Muscle twitches aren't mentioned, but since those are often helped a lot with magnesium or potassium, that might indicate that those are a muscular problem, not neurological. Ataxia might also be a down-stream effect of OI, though I'm not sure that's common enough to be included in any event - I have to be in pretty bad shape to start wobbling and lurching, anyhow.

Which common neurological symptoms do you feel have been omitted?

I didn't "wobble and lurch" for the first 20 years but in the last 10 years that has become one of my most severe symptoms, especially in the last 4-5 years. And it's progressing.
 

user9876

Senior Member
Messages
4,556
I understood it ... but then I'm not a doctor any more I guess!

The question is whether a typical GP would understand it not a top professor.

I would actually say the question is if a typical GP with typical time constraints would understand enough to follow the guidelines. I would have thought testing should an essential part of usability testing for clinical guidelines.
 

Dolphin

Senior Member
Messages
17,567
The question is whether a typical GP would understand it not a top professor.

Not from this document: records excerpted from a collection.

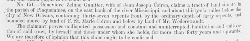 I would also like to recall that Edward Livingston was a next-door neighbor of the Pierre Gautier who lived in Plaquemines Parish. And that decades after Pierre’s death in 1805, Genevieve Zulime Gaultier of Cap Tiburon, Saint-Domingue, claimed what appears to be Pierre’s property, claiming that her family had held the property for more than 40 years. Genevieve and her immediate family were not in Louisiana until around a decade after Pierre’s death in 1805, and it had not been 40 years since they arrived when she made this claim.
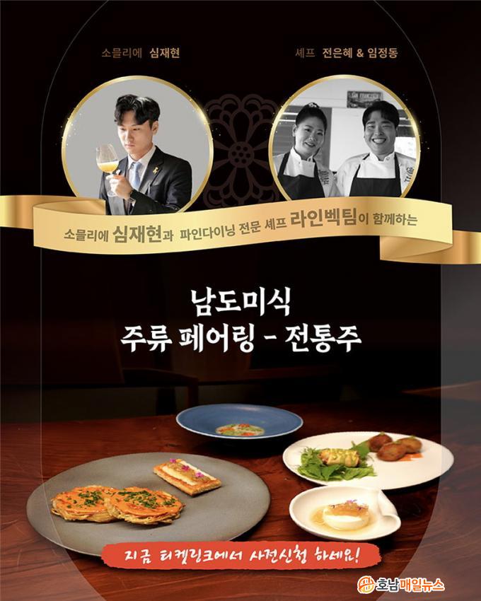 10¿ù 11~12ÀÏ ¹Ì½ÄÀ̺¥Æ®Á¸¿¡¼´Â ÀüÅëÁÖÆä¾î¸µÀÌ ÁøÇàµÈ´Ù. ȸ´ç 100¸í ±Ô¸ð·Î ¸¶·ÃµÈ À̹ø ÇÁ·Î±×·¥Àº °íÈï À¯ÀÚÁÖ, °Áø ÄÚ¸®¾È ÈÀÌÆ®, ¸ñÆ÷ ¹Ð¹°Å¹ÁÖ, ´ã¾ç Ãß¼ºÁÖ, ³ªÁÖ ³ª°ú µî Áö¿ªÀ» ´ëÇ¥ÇÏ´Â ÀüÅëÁÖ¸¦ ¾ö¼±ÇØ ³²µµÀÇ 7°¡Áö ´Ù¾çÇÑ ¿ä¸®¿Í ¦Áö¾î ¼±º¸ÀδÙ. ³²µµÀÇ ÇâÅ伺°ú âÀǼºÀ» µ¿½Ã¿¡ üÇèÇÒ ¼ö ÀÖÀ¸¸ç, ¼Ò¹É¸®¿¡ÀÇ ÇØ¼³, °ø¿¬ ¿ä¼Ò°¡ ´õÇØÁ® ÀüÅëÁÖ¸¦ »õ·Ó°Ô Áñ±æ ¼ö ÀÖ´Â °¡´É¼ºÀ» Á¦½ÃÇÑ´Ù.
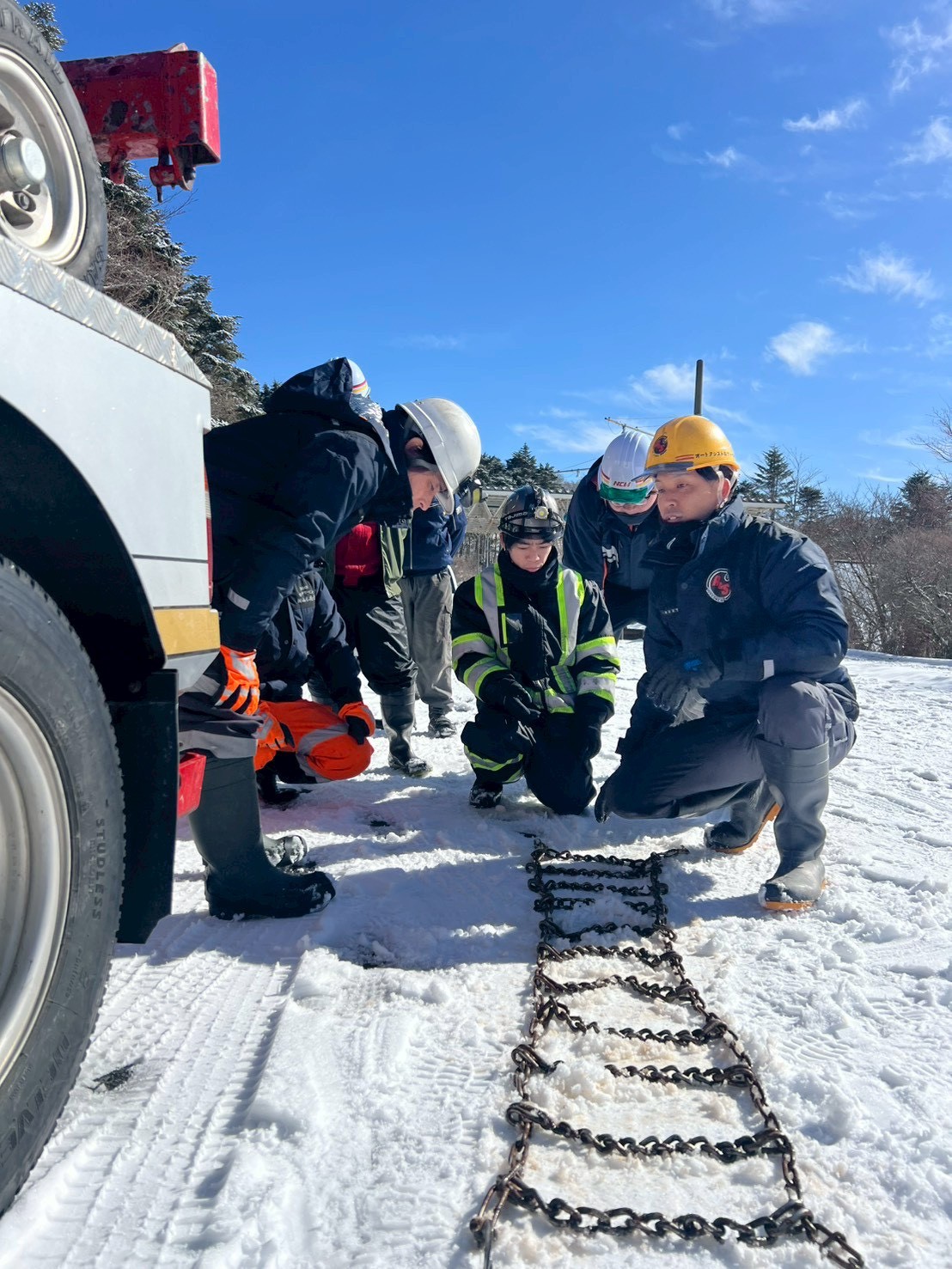 2月18日(水)、富士山二合目付近にて雪道作業研修会を実施しました。

I would actually say the question is if a typical GP with typical time constraints would understand enough to follow the guidelines. I would have thought testing should an essential part of usability testing for clinical guidelines.
In terms of time, I have to wonder about some other criteria. I was involved in circulating the full Canadian criteria around Irish GPs. But it has dozens of questions. It would be very hard for a busy GP to remember them all. And it would be very time-consuming to ask a patient all the questions. It would probably only work if a doctor gave a patient the ticksheet to fill in. Again this would be time-consuming unless they were sent away to the waiting room and I'm not sure how many GPs do this. So shorter criteria can be an advantage.
 

alex3619

Senior Member
Messages
13,810
Location
Logan, Queensland, Australia
The most prominent was muscle pain.
Hi @Dolphin, your list of early symptoms closely resembles mine. I only missed out on a fibro diagnosis because of a lack of sufficient tender points which were required for the definition at the time. With pacing, over time, my muscle and joint pain declined, but as my ME (SEID) has progressed the cognitive and PEM issues have worsened, and my sleep issues have progressed till at times they are worse than non 24 hour circadian dysfunction.

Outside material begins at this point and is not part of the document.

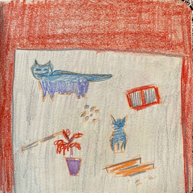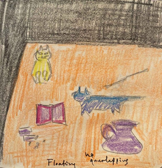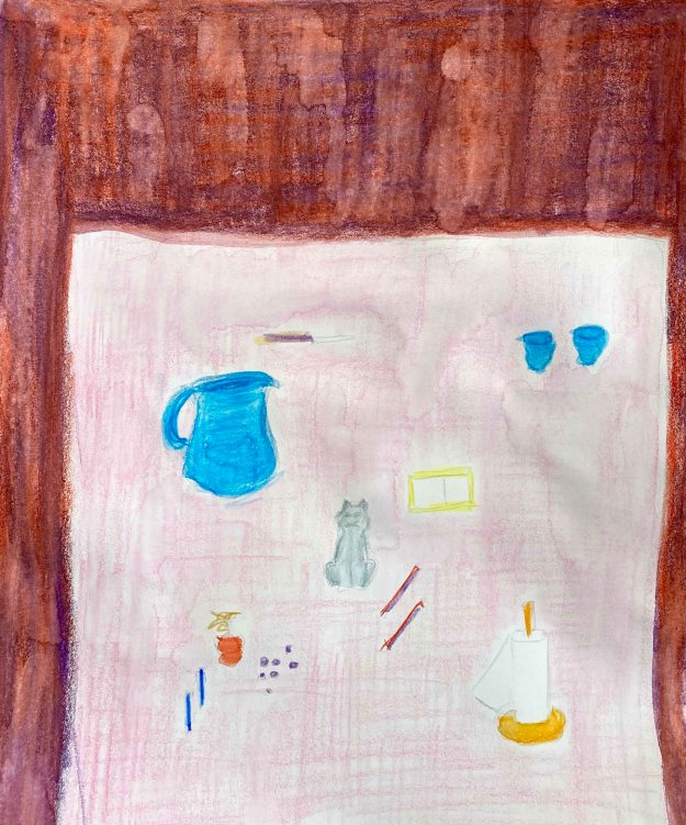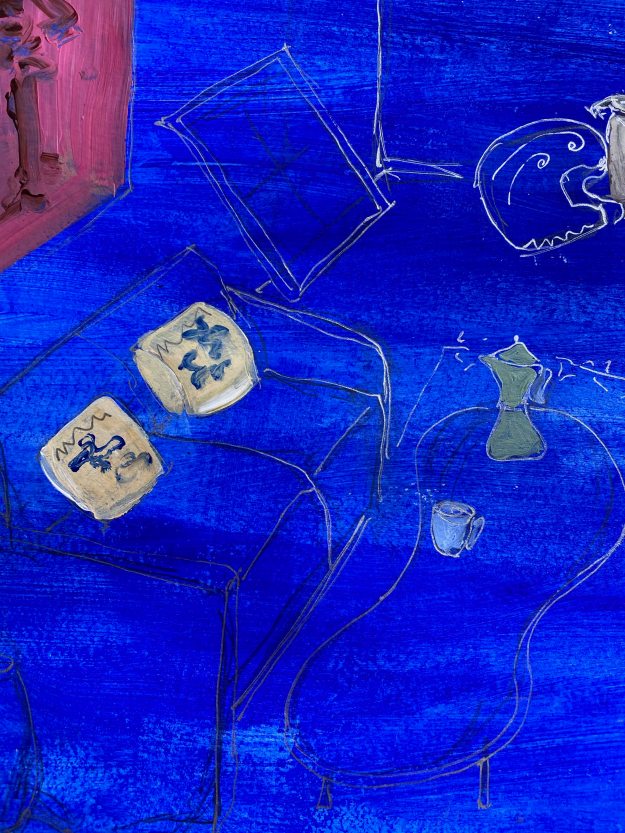 I think it is quite clearly inspired by Elisabeth Blackadder’s paintings, with the objects floating freely in a field without depth. I am still really unsatisfied with this drawing and launch into a final trial directly on the A2 paper, following my initial trials in the small sketchbook while still in France.

My functional capacity was severely reduced though.

The ME definitions, even the CFS definitions, and I think now SEID, will miss subclinical cases that may later progress to much worse cases. None of these definitions can replace some good biomarkers.
 

Never Give Up

Collecting improvements, until there's a cure.
Messages
971
Thank you for alerting us to the posting of the new Report Guide for Clinicians, NeilK.

I like it. It's simple and clear I think it will enable non-bigoted physicians to easily recognize and diagnose ME/CFS/SEID- that is a major step. The bigoted ones will come around when there is sufficient biological evidence to convince even the most hardened practitioners.

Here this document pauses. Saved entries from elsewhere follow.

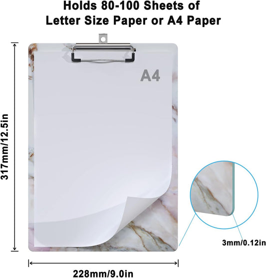 Cute Clipboard Wood Design Decorative A4 Letter Size Clipboards for Office, Standard Size 9" x 12.5" with Low Profile Metal Clip - Colorful Marble
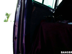 Brunette dream girl Aletta Ocean wanted to do something different, so she climb aboard a van and started fooling around with a hot young guy. He teases his hard cock with her big fake tits and luscious ass, they fucked liked beasts and he came all over her boobs.
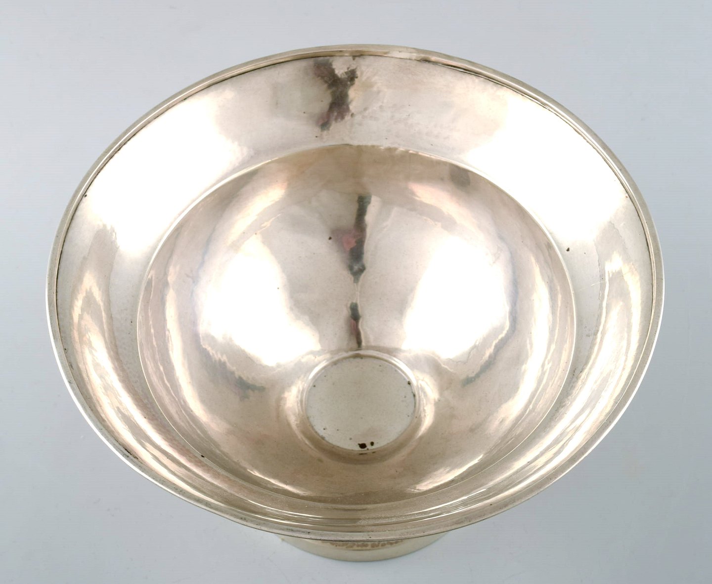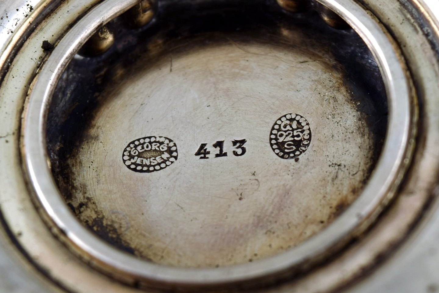 Johan Rohde for Georg Jensen, skål/opsats af let hammerslået sterling sølv. Dessin nummer 413. Fremstillet i perioden 1915 - 1927. Måler : 23 cm. x 13 cm. I flot stand.
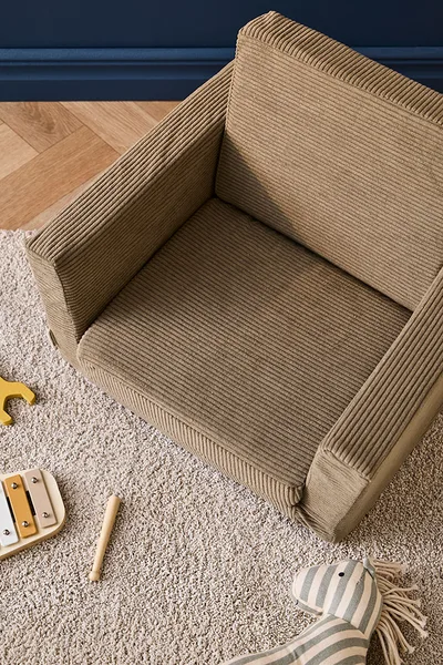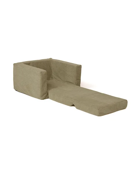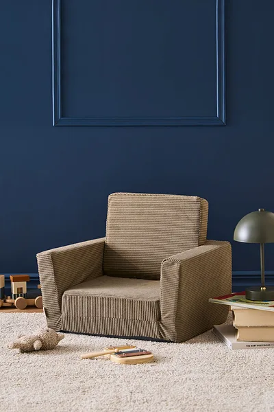 Fåtöljen ger en bekväm sittplats som enkelt kan fällas ut till en längre madrass, perfekt för vilopauser eller när små gäster stannar över. Det mjuka tyget och den mysiga stoppningen gör fåtöljen till barnens favoritplats, samtidigt som den tillför både komfort och funktion till rummet. Överdraget går enkelt att ta av genom att öppna dragkedjan på undersidan, tyget kan tvättas i tvättmaskinen.
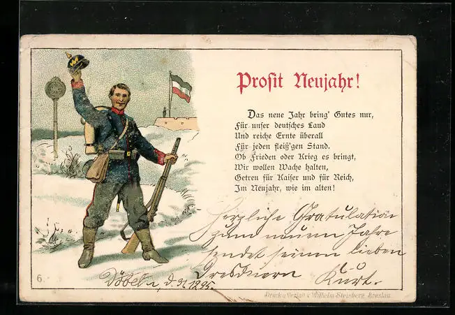 Vorläufer-Lithographie Neujahrsgruss, 1895, Soldat in Uniform
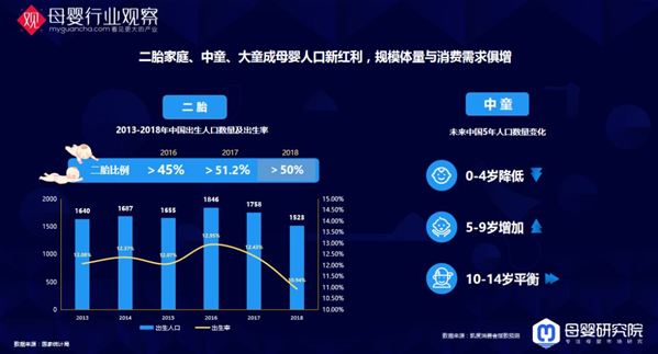 二胎家庭、中童、大童成母嬰人口新紅利,規(guī)模體量與消費需求俱增。我們看到2017年開始二胎率已經(jīng)超過了一半,因為這個數(shù)字,整個母嬰行業(yè)的結構組成會發(fā)生一些潛移默化的變化。例如我們說一胎照書養(yǎng),二胎當豬養(yǎng),二胎媽媽對產(chǎn)品的需求,對母嬰對育兒的認知是不一樣的。未來中國5年人口數(shù)量變化,0-4歲的人口是下降的,5-9歲是增加的,10-14歲是平衡的。

And, they are not saying you could diagnose this disease, they are saying you should diagnose this disease if the criteria are met

The new name is weird, but it "captures a central characteristic of the disease—the fact that exertion of any sort (physical, cognitive, or emotional)—can adversely affect patients in multiple organ systems", and in doing so, reinforces the concepts put forth in the report.

I am hopeful that they will lead to better, more respectful, and compassionate care for my son, and every person sick with SEID, and will bring us one step closer to better research funding as the numbers of diagnosed patients bring more pressure to bear.